- [TASK REQUIREMENTS]
Wherever a picture appears in the data below, omit it, and restate everything else word for word.

━━━━━ EXERCISE MATERIAL ━━━━━

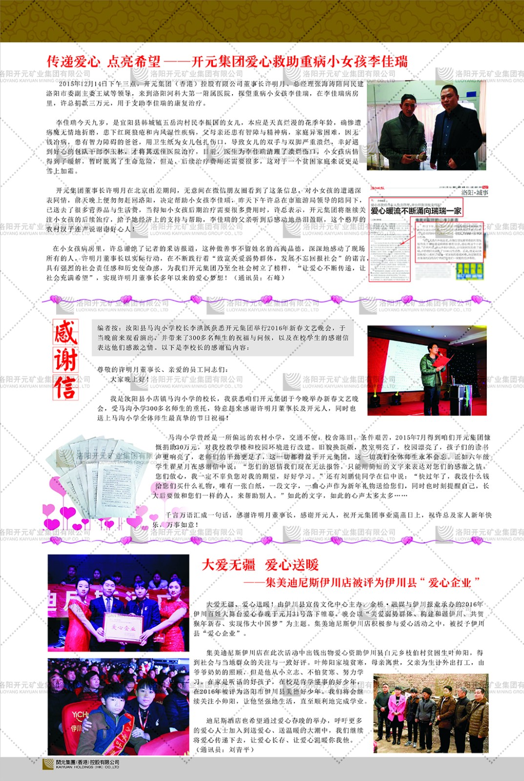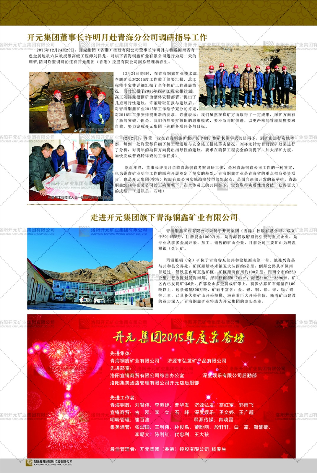 洛陽開元礦業(yè)集團有限公司簡介洛陽開元礦業(yè)集團有限公司,始成立于2006年,位于洛陽市開元大道269號。集團旗下共有十余家全資子公司,業(yè)務涉及有色金屬礦山開發(fā)、礦產品購銷與進出口貿易、房地產開發(fā)、文化藝術、企業(yè)管理與咨詢、資本投資等多個領域。2024年,集團公司銷售總額達7.8億元。民建河南省委委員、民建河南省委企業(yè)委副主任、民建洛陽市委委員、企業(yè)委主任、洛陽民建企業(yè)家協(xié)會會長許明月是公司創(chuàng)始人,現(xiàn)任洛陽開元礦業(yè)集團有限公司董事長。在礦業(yè)領域,洛陽開元礦業(yè)集團擁有多家實力雄厚的子公司:貴州開元礦業(yè)有限公司探、采礦權面積共11.33平方公里;興海縣銅鑫礦業(yè)有限公司探礦權面積8.76平方公里,礦山資源潛力巨大;2021年,開元集團與盧氏中科礦業(yè)有限公司開展戰(zhàn)略合作。盧氏中科礦業(yè)有限公司專注于有色金屬的浮選、加工和銷售,擁有強大的技術支撐平臺,是集探、采、選、冶、研為一體的中大型綜合礦業(yè)企業(yè)。目前,盧氏中科王家河1000噸選礦廠已成功投產,雙河金礦、柳關欒盧鉛鋅礦相繼順利開工,樓房銀礦與圪老灣鉛鋅礦的深部探礦重大突破,標志著礦山版圖取得重大進展,為開元集團后續(xù)發(fā)展奠定了堅實基礎。在文化傳媒領域,洛陽市明月美術館通過豐富多樣的藝術展覽、學術研討和公共教育活動,努力打造一個集展覽、交流、教育、研究為一體的綜合性藝術平臺。此外,在金融投資領域,開元集團旗下的北京明峰資本管理有限公司專注于投資具有高增長潛力的優(yōu)秀企業(yè),特別是高科技、新能源、環(huán)保等新興產業(yè),為客戶提供個性化的資產配置服務。在做好企業(yè)經營的同時,開元集團始終不忘企業(yè)的社會責任和家國情懷,以突出的愛心公益事跡,開展了一系列公益慈善活動:“民建林”公益事業(yè)通過“思源基金”“幫幫公益”線上公益平臺,與眾多愛心人士籌措資金20余萬元;資助541名貧困大學生共計270余萬元,推進“數(shù)字助力——河南AI人才培養(yǎng)”;捐款10萬元,馳援京津冀、黑龍江洪水地質災害……公司于2017年底被洛陽市慈善總會評為“洛陽慈善風云榜——十大愛心集體”。洛陽開元礦業(yè)集團有限公司秉承持續(xù)發(fā)展理念,憑借多年來良好的企業(yè)信譽與經營業(yè)績,與全國多家企業(yè)建立了良好合作關系,受到社會各界的一致好評,多次榮獲“納稅標兵”“先進企業(yè)”“招商引資模范企業(yè)”等榮譽稱號?;赝麃頃r路,開元人勠力同心,以“闖”的精神和“創(chuàng)”的勁頭,一路披荊斬棘,踏過千山萬水;展望新未來,開元人凝心聚力,不執(zhí)于“舊”,無畏于“新”,秉承“勇于跨越,追求卓越”的企業(yè)精神,乘著國家高質量發(fā)展新征程的東風,跨過高山,越過大海,向著集團多元化、國際化的目標,逐夢遠航,跨越前行!
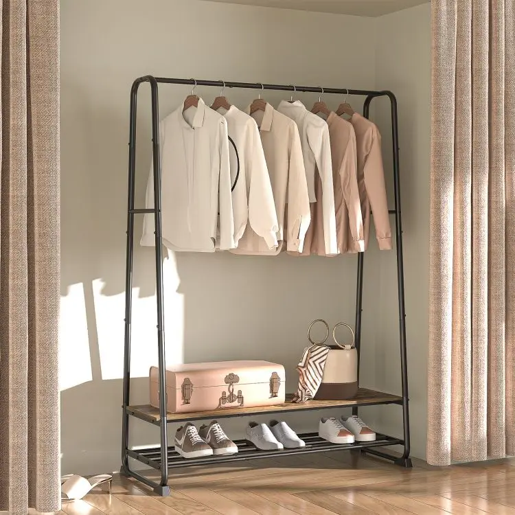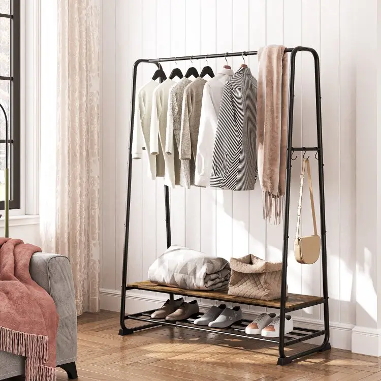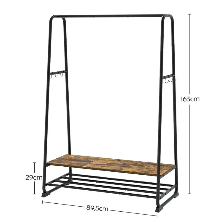 Clothes Rack Garment Rack for Hanging Clothes Industrial Clothing Rack with Shelves Hooks Metal Frame for Bedrooms Entrances
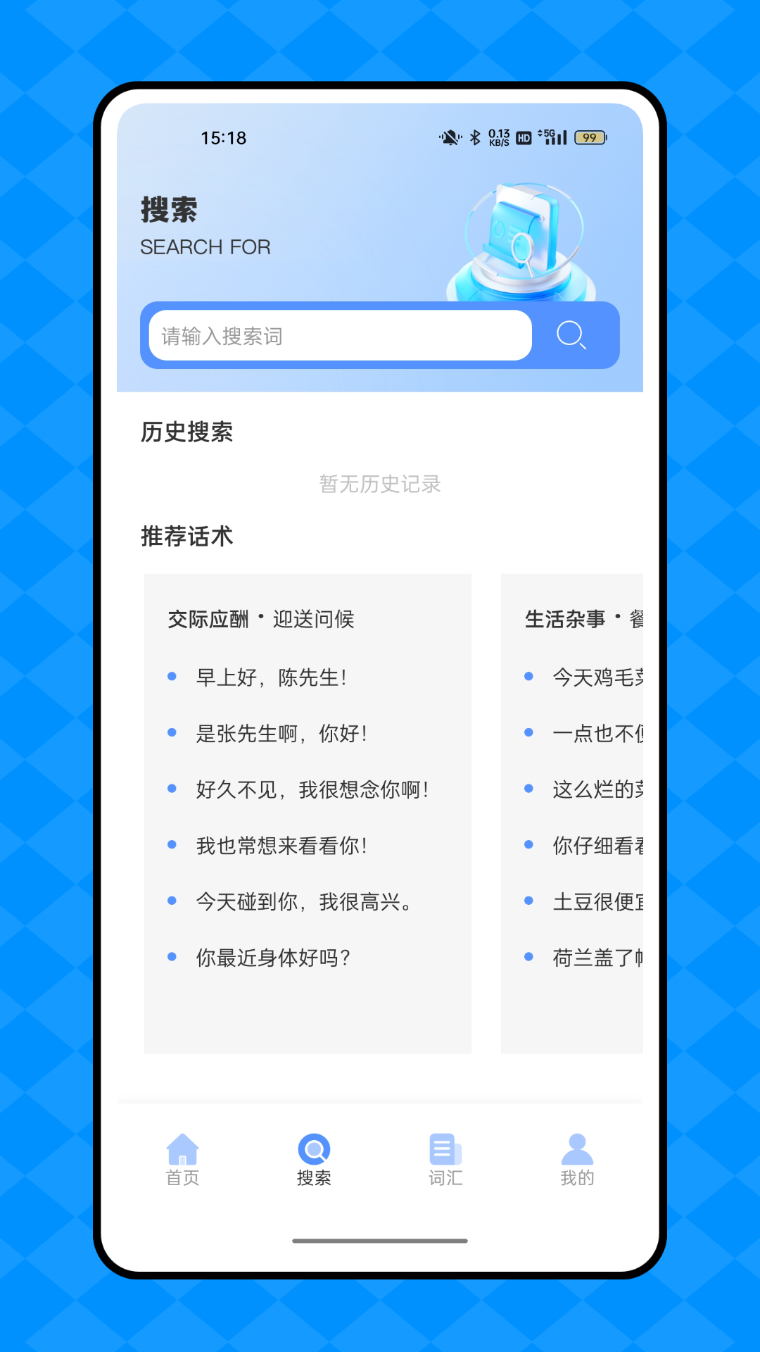 2、情景对话模拟:提供超市购物、问路指路、茶馆闲聊等20余个生活场景对话模板,用户可扮演不同角色进行互动练习。对话结束后,系统会从语法、用词、语调三方面评分,并生成学习报告,帮助用户针对性提升。
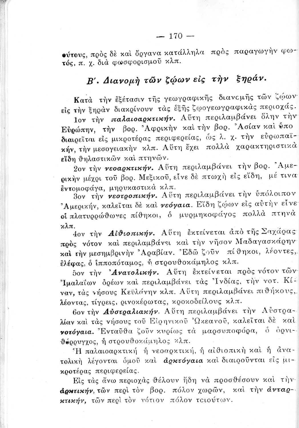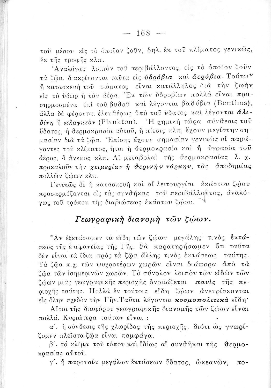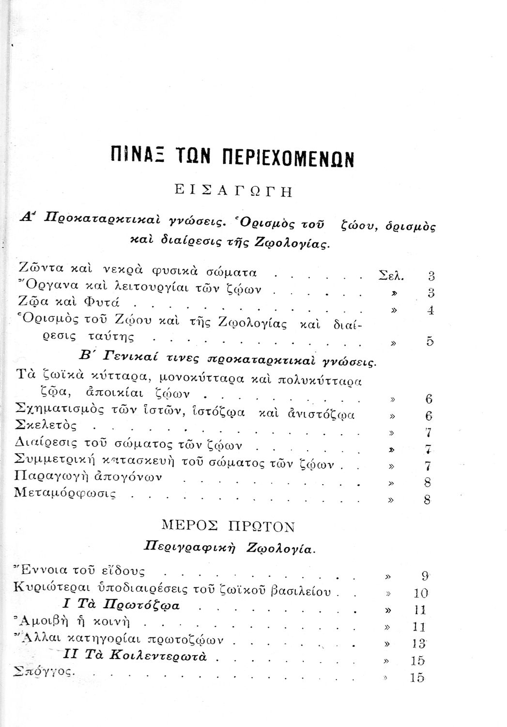 Σχολικό εγχειρίδιο Ζωολογίας για την Γ΄ Γυμνασίου χωρισμένο σε δύο ενότητες: την περιγραφική και τη γενική ζωολογία. Ο συγγραφέας ήταν πρώην καθηγητής πανεπιστημίου.
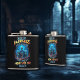 Olá, Escuridão, Meu Velho Amigo Flask. © Desejos do Coração Escuro. Este frasco tem um design colorido com um esqueleto segurando duas bebidas.

━━━━━

- [SOLUTION FOR THIS EXERCISE]
 洛陽開元礦業(yè)集團有限公司簡介洛陽開元礦業(yè)集團有限公司,始成立于2006年,位于洛陽市開元大道269號。集團旗下共有十余家全資子公司,業(yè)務涉及有色金屬礦山開發(fā)、礦產品購銷與進出口貿易、房地產開發(fā)、文化藝術、企業(yè)管理與咨詢、資本投資等多個領域。2024年,集團公司銷售總額達7.8億元。民建河南省委委員、民建河南省委企業(yè)委副主任、民建洛陽市委委員、企業(yè)委主任、洛陽民建企業(yè)家協(xié)會會長許明月是公司創(chuàng)始人,現(xiàn)任洛陽開元礦業(yè)集團有限公司董事長。在礦業(yè)領域,洛陽開元礦業(yè)集團擁有多家實力雄厚的子公司:貴州開元礦業(yè)有限公司探、采礦權面積共11.33平方公里;興海縣銅鑫礦業(yè)有限公司探礦權面積8.76平方公里,礦山資源潛力巨大;2021年,開元集團與盧氏中科礦業(yè)有限公司開展戰(zhàn)略合作。盧氏中科礦業(yè)有限公司專注于有色金屬的浮選、加工和銷售,擁有強大的技術支撐平臺,是集探、采、選、冶、研為一體的中大型綜合礦業(yè)企業(yè)。目前,盧氏中科王家河1000噸選礦廠已成功投產,雙河金礦、柳關欒盧鉛鋅礦相繼順利開工,樓房銀礦與圪老灣鉛鋅礦的深部探礦重大突破,標志著礦山版圖取得重大進展,為開元集團后續(xù)發(fā)展奠定了堅實基礎。在文化傳媒領域,洛陽市明月美術館通過豐富多樣的藝術展覽、學術研討和公共教育活動,努力打造一個集展覽、交流、教育、研究為一體的綜合性藝術平臺。此外,在金融投資領域,開元集團旗下的北京明峰資本管理有限公司專注于投資具有高增長潛力的優(yōu)秀企業(yè),特別是高科技、新能源、環(huán)保等新興產業(yè),為客戶提供個性化的資產配置服務。在做好企業(yè)經營的同時,開元集團始終不忘企業(yè)的社會責任和家國情懷,以突出的愛心公益事跡,開展了一系列公益慈善活動:“民建林”公益事業(yè)通過“思源基金”“幫幫公益”線上公益平臺,與眾多愛心人士籌措資金20余萬元;資助541名貧困大學生共計270余萬元,推進“數(shù)字助力——河南AI人才培養(yǎng)”;捐款10萬元,馳援京津冀、黑龍江洪水地質災害……公司于2017年底被洛陽市慈善總會評為“洛陽慈善風云榜——十大愛心集體”。洛陽開元礦業(yè)集團有限公司秉承持續(xù)發(fā)展理念,憑借多年來良好的企業(yè)信譽與經營業(yè)績,與全國多家企業(yè)建立了良好合作關系,受到社會各界的一致好評,多次榮獲“納稅標兵”“先進企業(yè)”“招商引資模范企業(yè)”等榮譽稱號?;赝麃頃r路,開元人勠力同心,以“闖”的精神和“創(chuàng)”的勁頭,一路披荊斬棘,踏過千山萬水;展望新未來,開元人凝心聚力,不執(zhí)于“舊”,無畏于“新”,秉承“勇于跨越,追求卓越”的企業(yè)精神,乘著國家高質量發(fā)展新征程的東風,跨過高山,越過大海,向著集團多元化、國際化的目標,逐夢遠航,跨越前行!
 Clothes Rack Garment Rack for Hanging Clothes Industrial Clothing Rack with Shelves Hooks Metal Frame for Bedrooms Entrances
 2、情景对话模拟:提供超市购物、问路指路、茶馆闲聊等20余个生活场景对话模板,用户可扮演不同角色进行互动练习。对话结束后,系统会从语法、用词、语调三方面评分,并生成学习报告,帮助用户针对性提升。
 Σχολικό εγχειρίδιο Ζωολογίας για την Γ΄ Γυμνασίου χωρισμένο σε δύο ενότητες: την περιγραφική και τη γενική ζωολογία. Ο συγγραφέας ήταν πρώην καθηγητής πανεπιστημίου.
 Olá, Escuridão, Meu Velho Amigo Flask. © Desejos do Coração Escuro. Este frasco tem um design colorido com um esqueleto segurando duas bebidas.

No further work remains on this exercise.